▶ [DATASET]:
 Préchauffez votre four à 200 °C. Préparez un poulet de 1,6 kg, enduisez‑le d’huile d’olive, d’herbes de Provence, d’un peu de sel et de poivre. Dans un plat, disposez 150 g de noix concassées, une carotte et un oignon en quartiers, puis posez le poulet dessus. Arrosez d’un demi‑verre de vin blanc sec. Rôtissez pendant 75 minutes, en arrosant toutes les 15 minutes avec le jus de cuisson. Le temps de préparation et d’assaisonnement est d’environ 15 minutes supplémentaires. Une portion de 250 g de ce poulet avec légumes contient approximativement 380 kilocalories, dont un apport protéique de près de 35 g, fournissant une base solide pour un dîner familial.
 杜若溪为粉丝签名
--
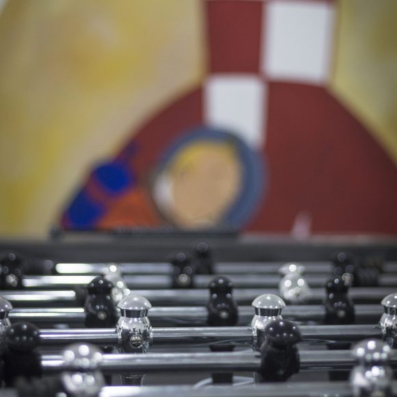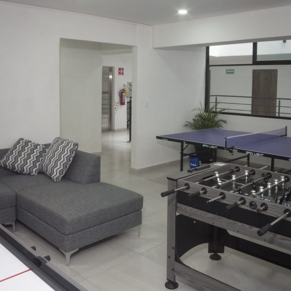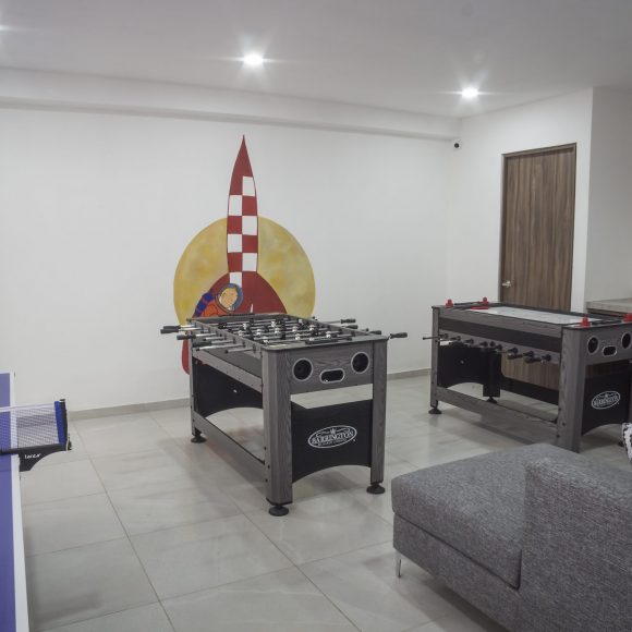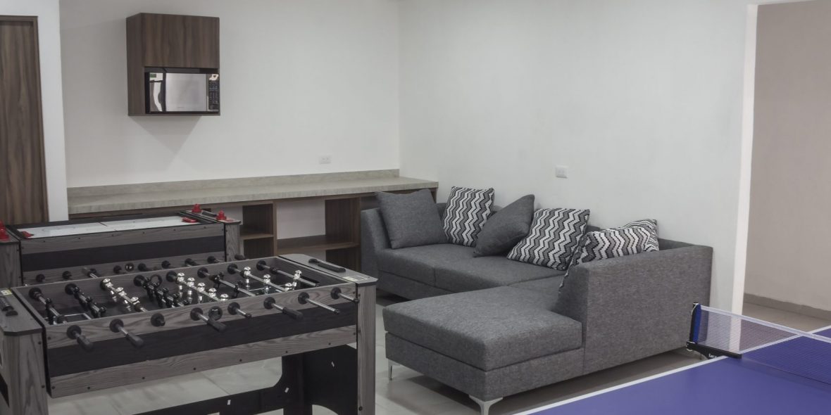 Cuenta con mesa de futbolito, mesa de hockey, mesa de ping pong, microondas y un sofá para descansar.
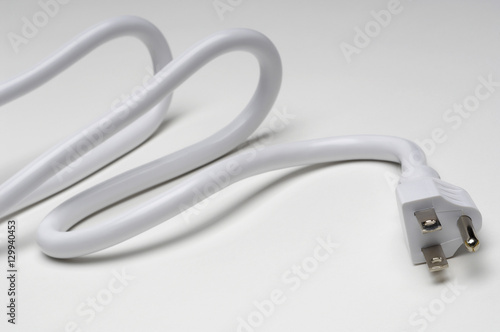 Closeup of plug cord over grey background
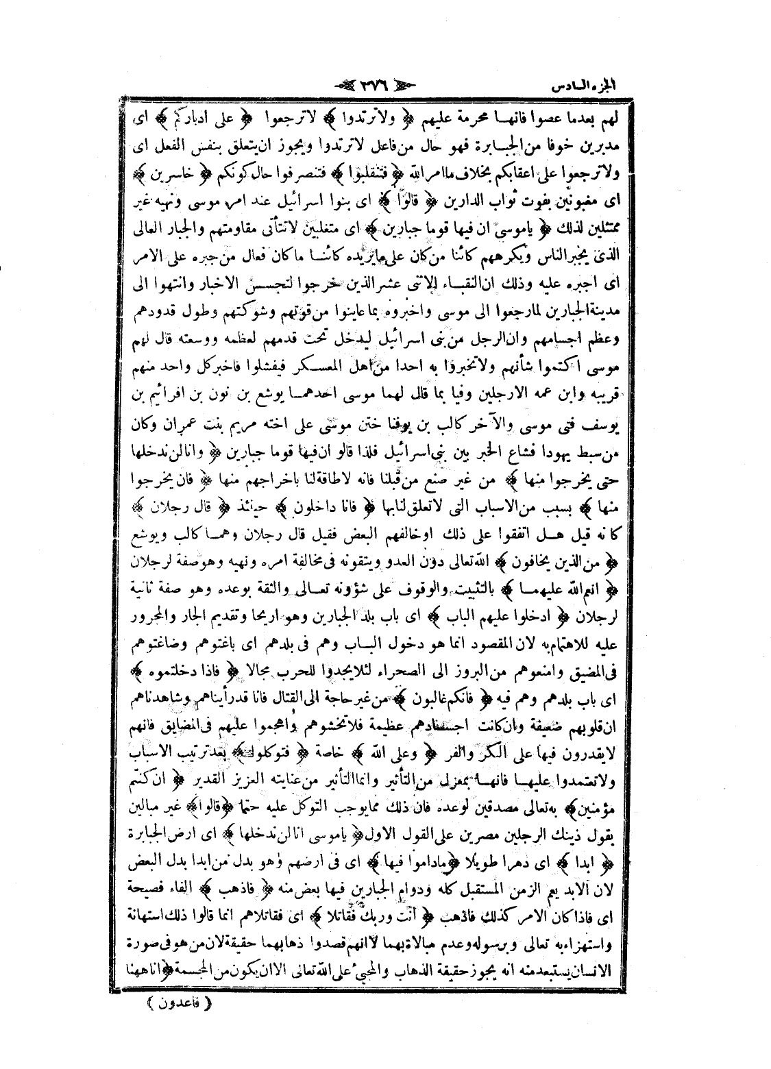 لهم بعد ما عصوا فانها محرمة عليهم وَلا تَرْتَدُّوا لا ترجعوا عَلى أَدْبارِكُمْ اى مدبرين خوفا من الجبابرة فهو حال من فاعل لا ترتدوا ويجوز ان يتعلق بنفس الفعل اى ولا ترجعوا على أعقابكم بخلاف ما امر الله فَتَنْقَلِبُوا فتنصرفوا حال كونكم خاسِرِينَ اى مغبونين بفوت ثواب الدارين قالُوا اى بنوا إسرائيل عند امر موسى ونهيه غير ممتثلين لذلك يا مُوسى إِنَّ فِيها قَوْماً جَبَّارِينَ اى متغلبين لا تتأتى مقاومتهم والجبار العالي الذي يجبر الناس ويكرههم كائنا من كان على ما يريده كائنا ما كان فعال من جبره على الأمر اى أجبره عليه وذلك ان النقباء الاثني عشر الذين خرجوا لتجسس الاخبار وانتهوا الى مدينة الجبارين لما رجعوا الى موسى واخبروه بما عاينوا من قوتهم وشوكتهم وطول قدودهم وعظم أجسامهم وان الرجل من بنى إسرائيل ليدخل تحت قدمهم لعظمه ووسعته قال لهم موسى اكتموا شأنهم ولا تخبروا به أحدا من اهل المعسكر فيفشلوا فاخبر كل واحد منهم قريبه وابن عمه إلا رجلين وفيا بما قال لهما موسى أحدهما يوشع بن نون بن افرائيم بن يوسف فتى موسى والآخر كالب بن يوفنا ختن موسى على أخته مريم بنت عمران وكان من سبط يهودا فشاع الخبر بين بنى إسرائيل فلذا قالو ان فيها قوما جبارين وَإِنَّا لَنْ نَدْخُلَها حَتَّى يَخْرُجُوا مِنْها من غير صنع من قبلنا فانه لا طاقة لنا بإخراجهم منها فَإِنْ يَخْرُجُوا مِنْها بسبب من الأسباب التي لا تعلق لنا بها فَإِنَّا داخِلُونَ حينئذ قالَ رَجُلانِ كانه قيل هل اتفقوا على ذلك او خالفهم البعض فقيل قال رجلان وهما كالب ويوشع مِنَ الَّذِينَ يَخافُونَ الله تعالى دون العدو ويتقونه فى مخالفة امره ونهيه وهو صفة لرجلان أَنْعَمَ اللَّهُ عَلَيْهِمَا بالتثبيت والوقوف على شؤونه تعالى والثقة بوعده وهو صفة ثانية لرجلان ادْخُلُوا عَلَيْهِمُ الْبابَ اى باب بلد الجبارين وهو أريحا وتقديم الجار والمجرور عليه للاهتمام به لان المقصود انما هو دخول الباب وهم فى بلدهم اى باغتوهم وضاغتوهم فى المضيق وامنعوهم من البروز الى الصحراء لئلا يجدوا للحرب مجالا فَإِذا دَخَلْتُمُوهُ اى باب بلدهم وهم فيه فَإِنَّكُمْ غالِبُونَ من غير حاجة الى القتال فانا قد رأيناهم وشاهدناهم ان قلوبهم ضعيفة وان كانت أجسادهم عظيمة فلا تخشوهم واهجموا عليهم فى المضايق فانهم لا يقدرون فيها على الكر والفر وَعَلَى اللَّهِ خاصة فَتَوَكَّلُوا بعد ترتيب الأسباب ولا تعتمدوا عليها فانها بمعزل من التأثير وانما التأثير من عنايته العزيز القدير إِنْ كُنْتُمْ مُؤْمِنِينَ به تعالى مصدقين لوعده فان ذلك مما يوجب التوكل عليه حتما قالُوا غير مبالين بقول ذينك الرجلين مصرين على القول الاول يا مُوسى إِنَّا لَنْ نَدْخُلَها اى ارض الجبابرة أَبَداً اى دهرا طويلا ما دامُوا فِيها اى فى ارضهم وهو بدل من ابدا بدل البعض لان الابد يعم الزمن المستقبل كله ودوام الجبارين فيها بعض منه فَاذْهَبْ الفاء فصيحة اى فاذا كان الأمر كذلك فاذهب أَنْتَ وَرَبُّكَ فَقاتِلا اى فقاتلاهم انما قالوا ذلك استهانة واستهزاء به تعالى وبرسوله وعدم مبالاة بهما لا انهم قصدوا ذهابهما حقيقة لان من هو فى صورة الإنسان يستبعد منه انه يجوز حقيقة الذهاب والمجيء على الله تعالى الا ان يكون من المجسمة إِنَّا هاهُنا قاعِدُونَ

▶ [EXERCISE REQUIREMENTS]: Keep to the lines above from the line with "Cuenta con mesa" to the line with "Closeup of plug cord over grey background", and set down exactly those, inclusive, with nothing else and every picture left out.

▶ [COMPLETED EXERCISE]:
 Cuenta con mesa de futbolito, mesa de hockey, mesa de ping pong, microondas y un sofá para descansar.
 Closeup of plug cord over grey background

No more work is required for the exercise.